▸ WORK ORDER
Repeat only what runs from the line with "東風品牌(主要包括東風商用車" through the last line of the data below, both included, keeping every word as it is and leaving out the pictures.

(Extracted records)
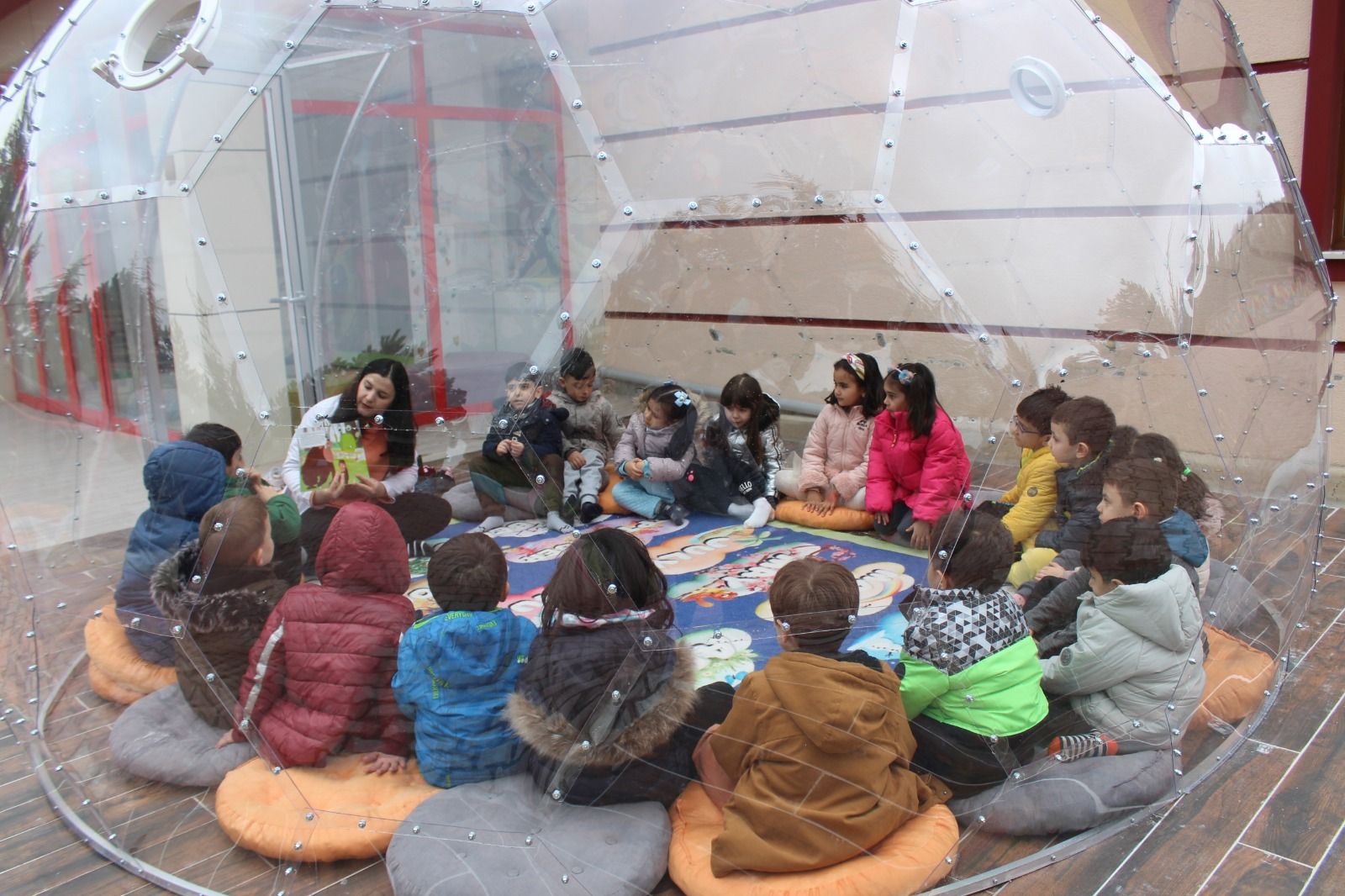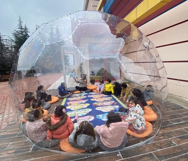Okul bahçemize konumlandırılan balon evde yıl boyunca Stem – Fen ve Doğa, İngilizce, Hikaye okuma, Drama gibi pek çok branş dersleri yapılması planlanmaktadır. Açılışı çocuklarımız eşliğinde gerçekleştirilen balon evimizde ilk etkinlik olarak “Story Time” yapılmıştır.
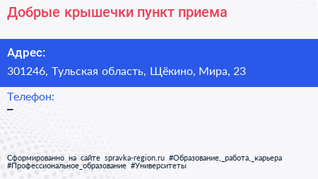 Добрые крышечки, пункт приема по адресу 301246, Тульская область, Щёкино, Мира, 23 в дальнейшем Организация, размещена в следующих категориях:
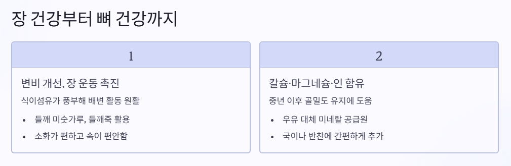 특히 중년 이후 골밀도가 낮아지는 분들에게는 이런 미네랄 섭취가 꽤 중요하잖아요. 우유나 유제품을 잘 못 드시는 분이라면, 들깨가루를 국이나 반찬에 넣어 보완해 보는 것도 좋을 것 같아요.
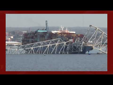 Un buque de 300 metros de longitud chocó contra el puente Francis Scott Key en...
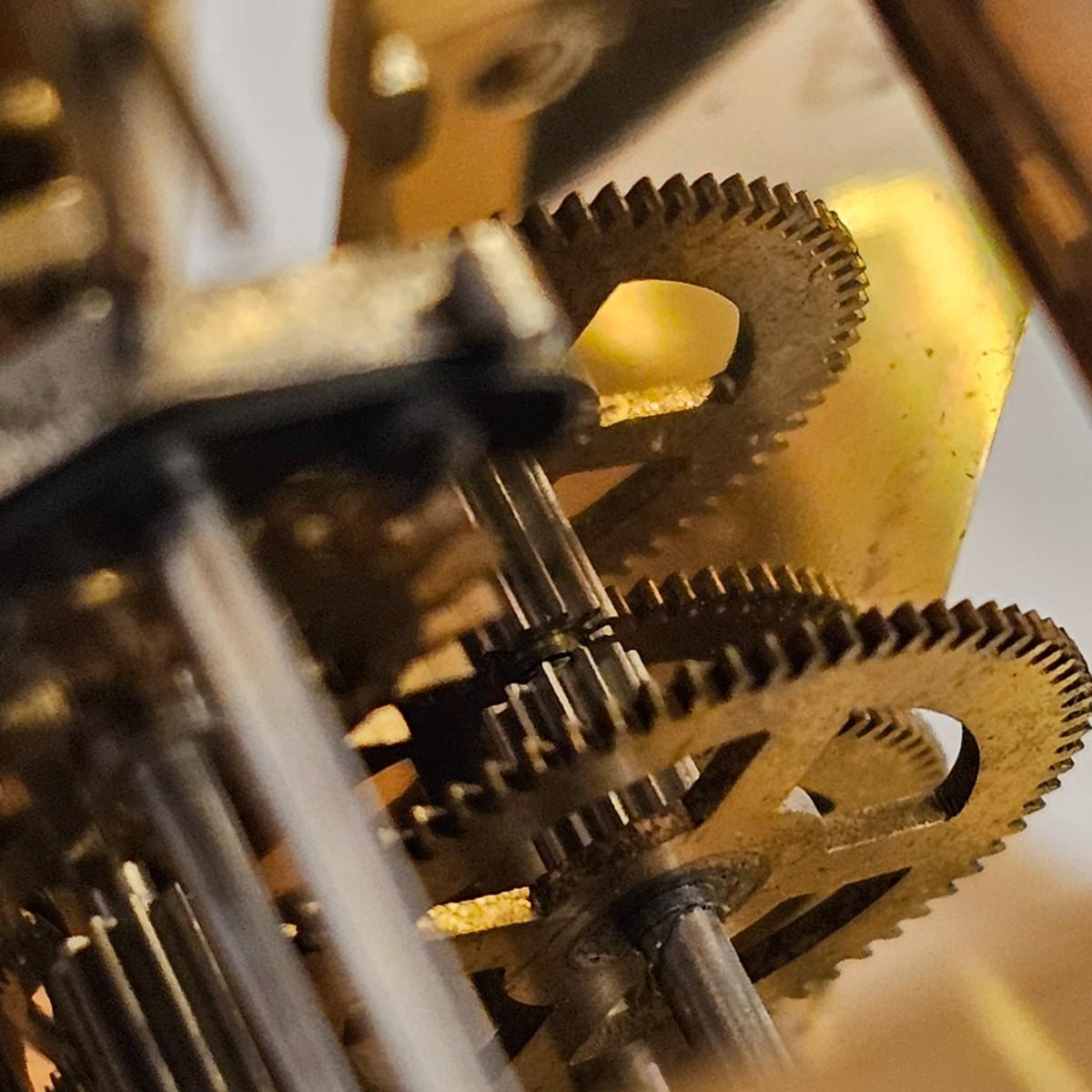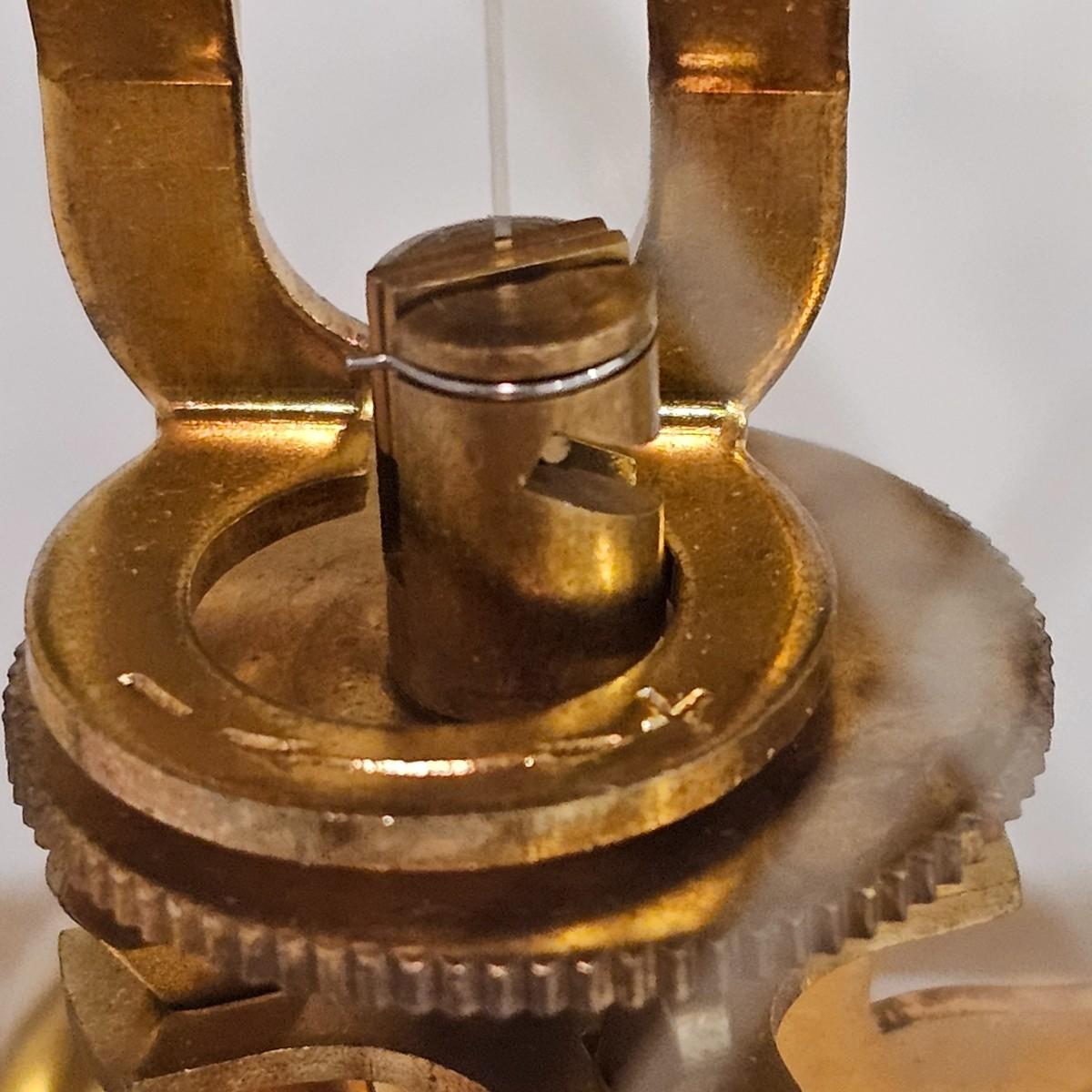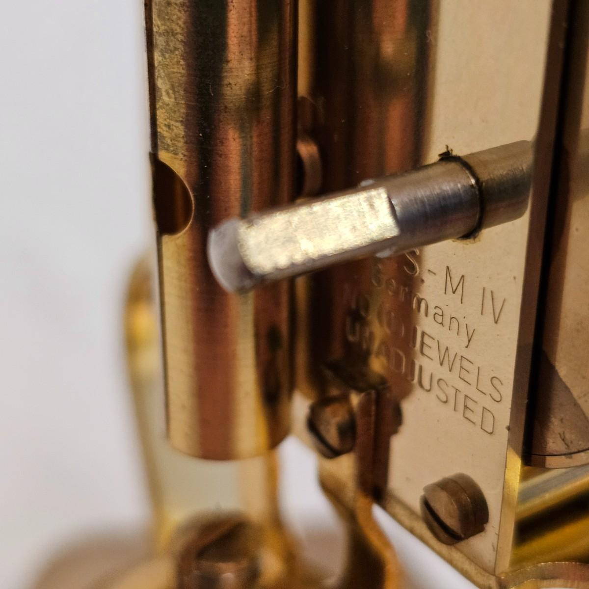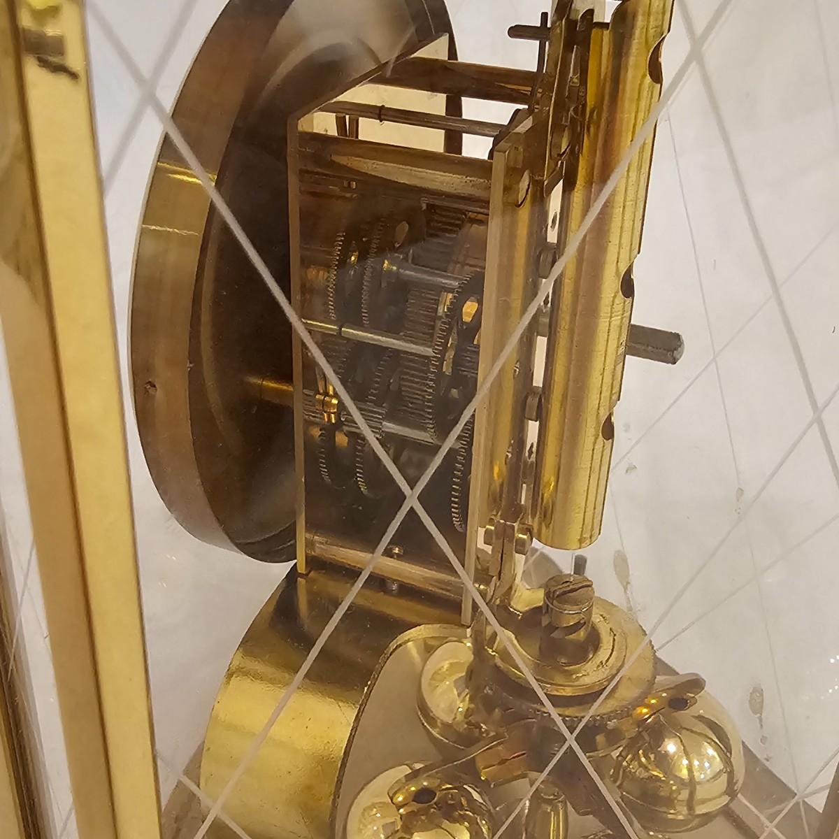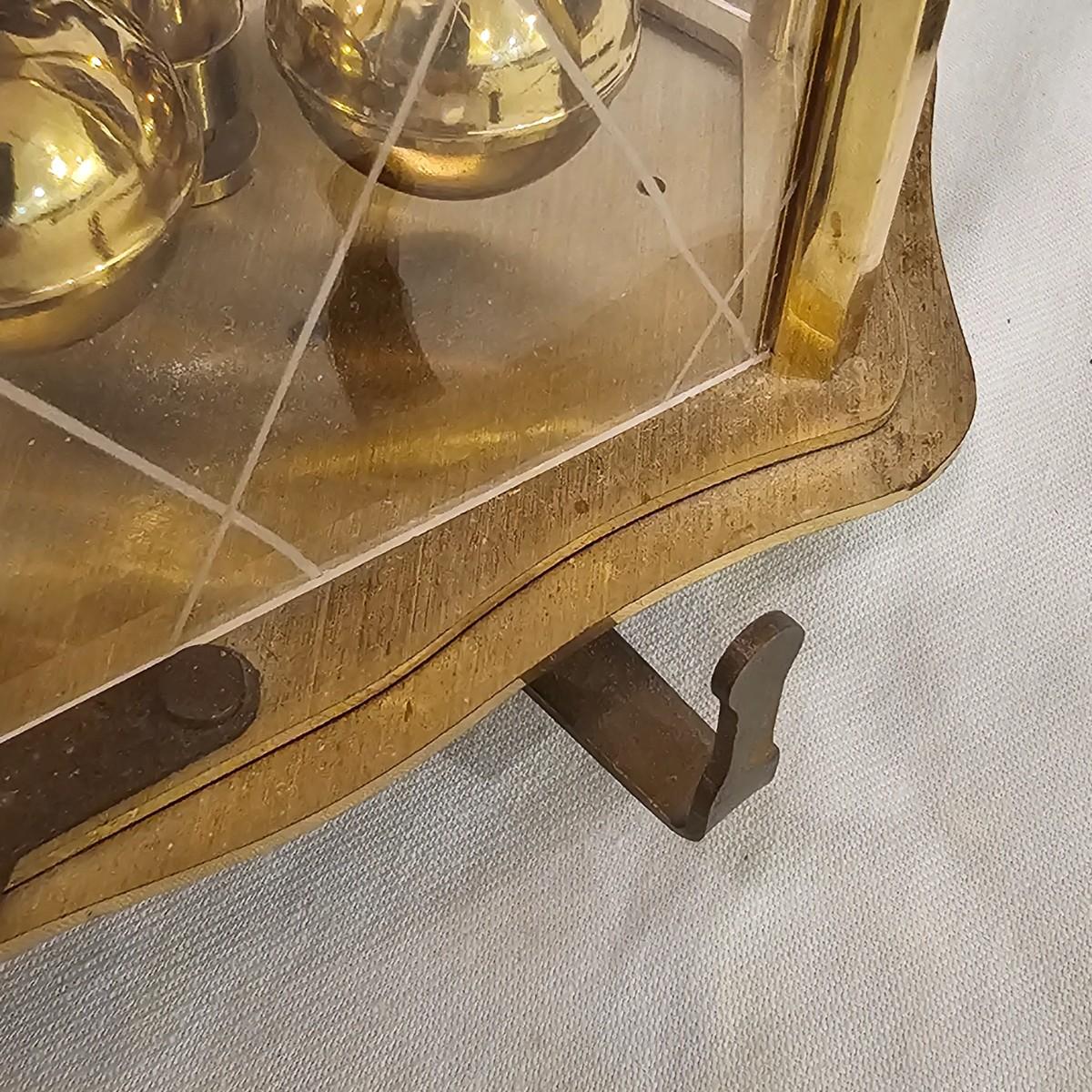 Brass and etched glass case, this German timepiece by Kern is beautiful and stylish. Roman numerals on face with engraved backpiece, this clock measures 6" x 4.5" x 8"H. Clustervof four Brass balls at bottom rotates as clock unwind to keep time. Lever on bottom side of case secures cluster for transport. Case has three screw type leveling points, and entire case is removable for cleaning. It is not known if clock functions and/or keeps time. See photos for details. Shipping available.
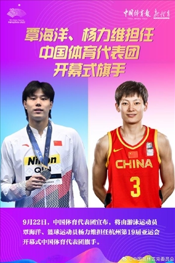 9月22日上午,中國(guó)體育代表團(tuán)宣布,將由游泳運(yùn)動(dòng)員覃海洋、籃球運(yùn)動(dòng)員楊力維擔(dān)任杭州亞運(yùn)會(huì)開幕式中國(guó)體育代表團(tuán)旗手。
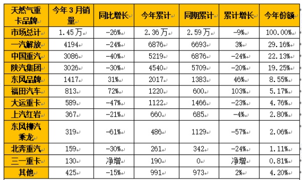 東風品牌(主要包括東風商用車、東風華神等東風品牌的卡車)今年3月份銷售天然氣重卡1417輛,同比逆勢增長31%;一季度東風品牌累計銷售燃氣重卡2017輛,同比逆勢增長46%,市場份額為8.55%,上升了3.2個百分點,行業排名也上升一位至第四名。福田汽車從去年同期的行業第八上升至今年的行業第五,其3月份銷售天然氣重卡813輛,逆勢增長72%;一季度累計銷售1220輛,同比逆勢大幅上漲103%,市場份額上升至5.17%,上漲了2個多百分點。第六名大運重卡3月份銷售天然氣重卡589輛,一季度累計銷售天然氣重卡1122輛,市場占有率為4.76%。
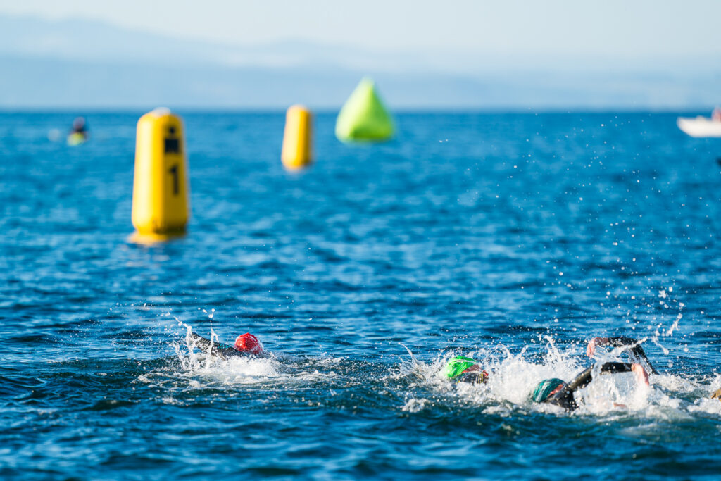 … But powered out to the lead over the first few hundred meters. “Good luck with your goggle choice,” she warned the men after the race, referring to her difficulties navigating the first turn buoy.
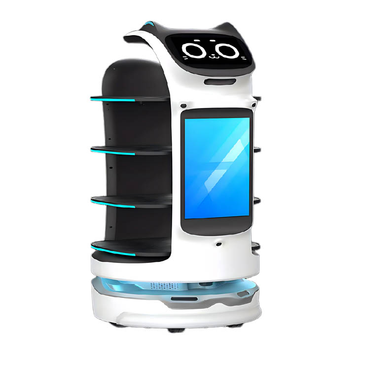 产品介绍:ZC-SC2是一款猫系新奇萌形象、多模态交互、大运载、换电技术等主特性的中高端室内配送产品,在此基础上标配超大广告屏提升广告营销和宣传能力,升级视觉托盘检测以提升托盘检测效果,增加托盘氛围灯提供更清晰的取餐指引。 同时通过增加前视RGB相机增强环境识别能力且支持打招呼交互,搭配VSLAM和激光SLAM

▸ REPLY TO THE EXERCISE
 東風品牌(主要包括東風商用車、東風華神等東風品牌的卡車)今年3月份銷售天然氣重卡1417輛,同比逆勢增長31%;一季度東風品牌累計銷售燃氣重卡2017輛,同比逆勢增長46%,市場份額為8.55%,上升了3.2個百分點,行業排名也上升一位至第四名。福田汽車從去年同期的行業第八上升至今年的行業第五,其3月份銷售天然氣重卡813輛,逆勢增長72%;一季度累計銷售1220輛,同比逆勢大幅上漲103%,市場份額上升至5.17%,上漲了2個多百分點。第六名大運重卡3月份銷售天然氣重卡589輛,一季度累計銷售天然氣重卡1122輛,市場占有率為4.76%。
 … But powered out to the lead over the first few hundred meters. “Good luck with your goggle choice,” she warned the men after the race, referring to her difficulties navigating the first turn buoy.
 产品介绍:ZC-SC2是一款猫系新奇萌形象、多模态交互、大运载、换电技术等主特性的中高端室内配送产品,在此基础上标配超大广告屏提升广告营销和宣传能力,升级视觉托盘检测以提升托盘检测效果,增加托盘氛围灯提供更清晰的取餐指引。 同时通过增加前视RGB相机增强环境识别能力且支持打招呼交互,搭配VSLAM和激光SLAM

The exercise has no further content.